Sorgfalt, das ist natürlich auch ein zentraler Punkt bei Beatrix Sitter-Liver. Bedacht? Der Begriff ist schon schwieriger, zumindest wenn man ihn buchstäblich nimmt. Wobei, seltsame Ironie: Die Pflanzen zeichnen Strukturen, die oft verblüffend an Netzwerke von Neuronen erinnern. Unbewusste Intelligenzen?

Verstanden, die Ratio ins Leere laufen lassen. Selbstüberlistung an der Staffelei – oder dem Bügeleisen, schliesslich wurden diese Stoffbahnen, gewaschen, geglättet, gefaltet – der ursprüngliche Nutzwert wurde ihnen gewissermassen ausgedampft. Zeichnen sich denn die Künstler*innen, wenn sie so passieren lassen, nicht gleich selbst als Blättchen im Wind und kann das Befreiung bedeuten? Fischer, hast du noch Tabak?
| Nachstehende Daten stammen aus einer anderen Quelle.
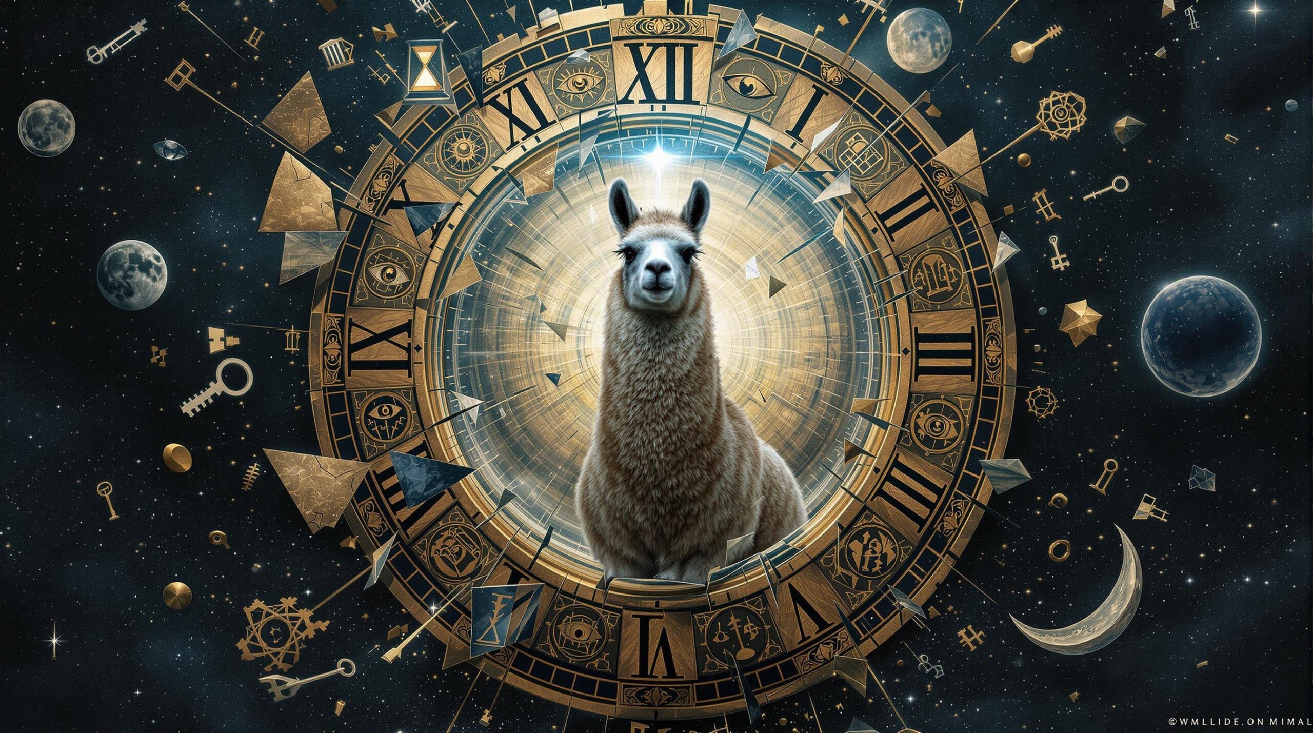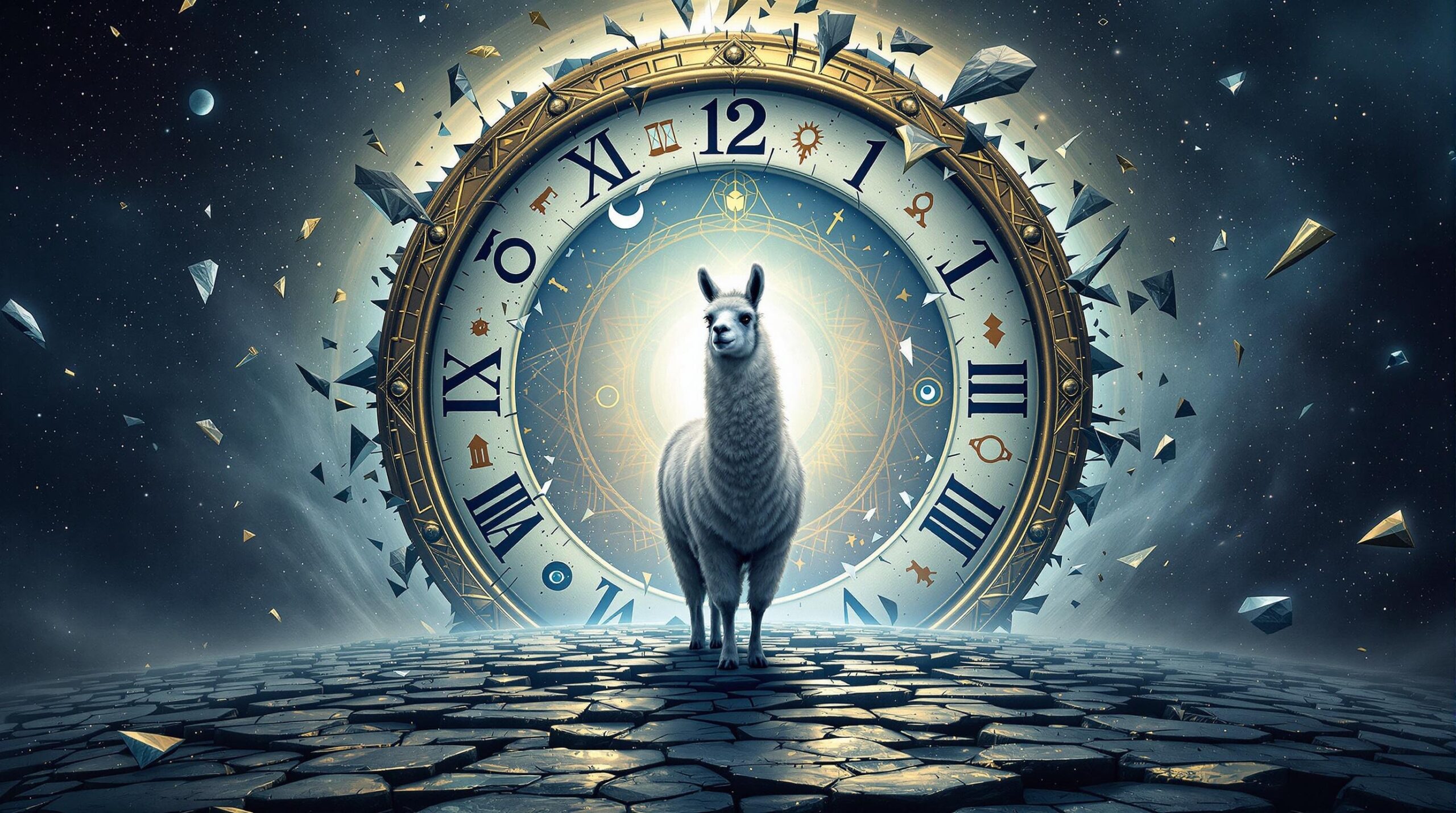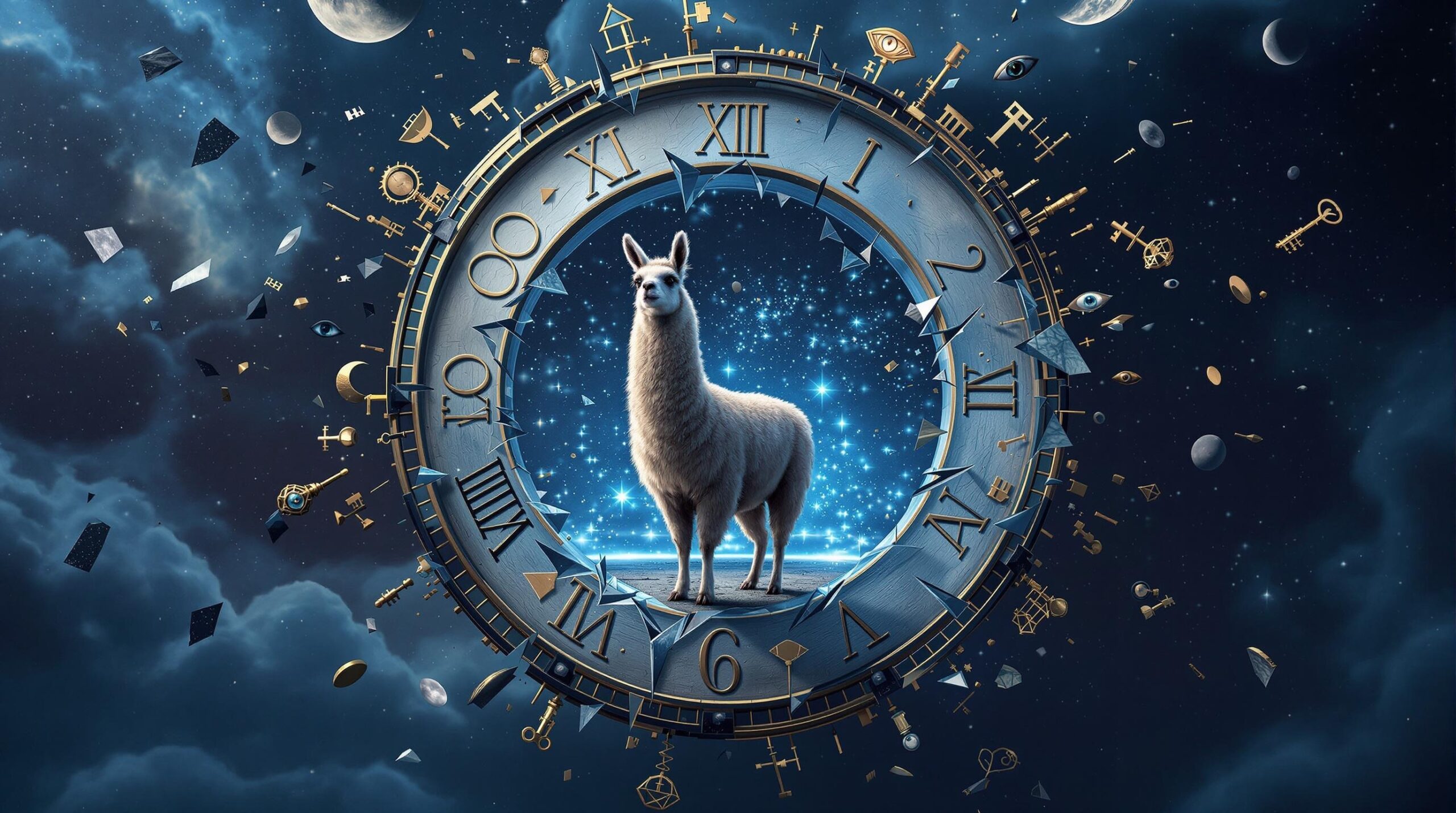A llama stands at the center of a broken clock floating in an endless void. Instead of numbers, the clock face has symbols moons, hourglasses, eyes, and keys. Time is shattering outward in shards, forming a portal behind them. Use a palette of deep indigos, bronze gold, and eerie silver tones

Hab noch was, ja. Brosamen. Da kommen wir ja directement zu den Surrealisten und zur Ecriture Automatique, die ohne weiteres auch Peinture/Sculpture Automatique heissen könnte. Breton dazu im ersten surrealistischen Manifest:

«Lassen Sie sich etwas zum Schreiben bringen, nachdem Sie es sich irgendwo bequem gemacht haben, wo Sie Ihren Geist so weit wie möglich auf sich selbst konzentrieren können. Versetzen Sie sich in den passivsten oder den rezeptivsten Zustand, dessen Sie fähig sind. Sehen Sie ganz ab von Ihrer Genialität, von Ihren Talenten und denen aller anderen. Machen Sie sich klar, daß die Schriftstellerei einer der kläglichsten Wege ist, die zu allem und jedem führen. Schreiben Sie schnell, ohne vorgefaßtes Thema, schnell genug, um nichts zu behalten, oder um nicht versucht zu sein, zu überlegen. Der erste Satz wird ganz von allein kommen, denn es stimmt wirklich, daß in jedem Augenblick in unserem Bewußtsein ein unbekannter Satz existiert, der nur darauf wartet, ausgesprochen zu werden. (…) Fahren Sie so lange fort, wie Sie Lust haben. Verlassen Sie sich auf die Unerschöpflichkeit des Raunens.»

Dazwischen übrigens immer noch Nina Rieben, in der Stadtgalerie. Ob da alles stimmt mit dem Gefühl?